On a aussi apprécié la fourche carbone qui filtre bien les imperfections de la route, ainsi que la présence de pneus à section assez généreuse (38) pour un meilleur confort en environnement urbain.

Des composants à revoir

Question position sur le vélo, elle n'est pas ultra-sportive et reste confortable pour le dos. En revanche, Orbea à opté pour un cintre un peu trop large et au sweep (angle vers l'arrière) pas assez prononcé, ce qui fait que l'on se retrouve avec les poignets un peu cassés latéralement, ce qui entraîne des douleurs.

Les poignées Brooks sont très jolies mais on leur aurait préféré des grips ergonomiques, plus indiqués dans une utilisation urbaine, d'autant qu'elles s'avèrent glissantes.

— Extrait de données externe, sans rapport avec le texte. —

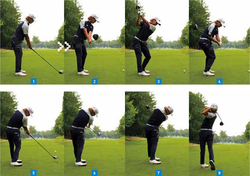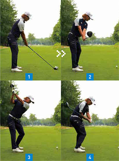 スタンス幅はやや広め。テークバックでは足の形をほとんど変えずに上半身の回転だけでクラブを上げている。

On a apprécié en revanche l'équipement utilitaire plutôt complet : gardes-boue résine, porte-bagage (minimaliste, max 15 kg) et présence d'un éclairage permanent avant et arrière. En revanche, il lui manque réellement une béquille de série.

Notre modèle porte un casque GIRO Aspect.

Notre verdict

[Test] Orbea GAIN F10, le charme discret de l'assistance électrique
(4.5/5)

Avec la gamme GAIN, Orbea fait un bond en avant dans le futur du vélo à assistance électrique. Un système de plus en plus discret visuellement, mais qui reste très efficace pour l’utilisateur. Ajouté à cela un design et une cosmétique également réussis.

Quant au tarif, il se situe dans une tranche « raisonnable » pour ce segment, 2499€. Certes, c’est élevé si vous le comparez à un VAE avec un moteur plus coupleux et une meilleure autonomie. Mais en achetant un GAIN, on recherche autre chose, un vélo à assistance électrique qui ne dit pas son nom et prend l’apparence d’un vélo « presque » normal.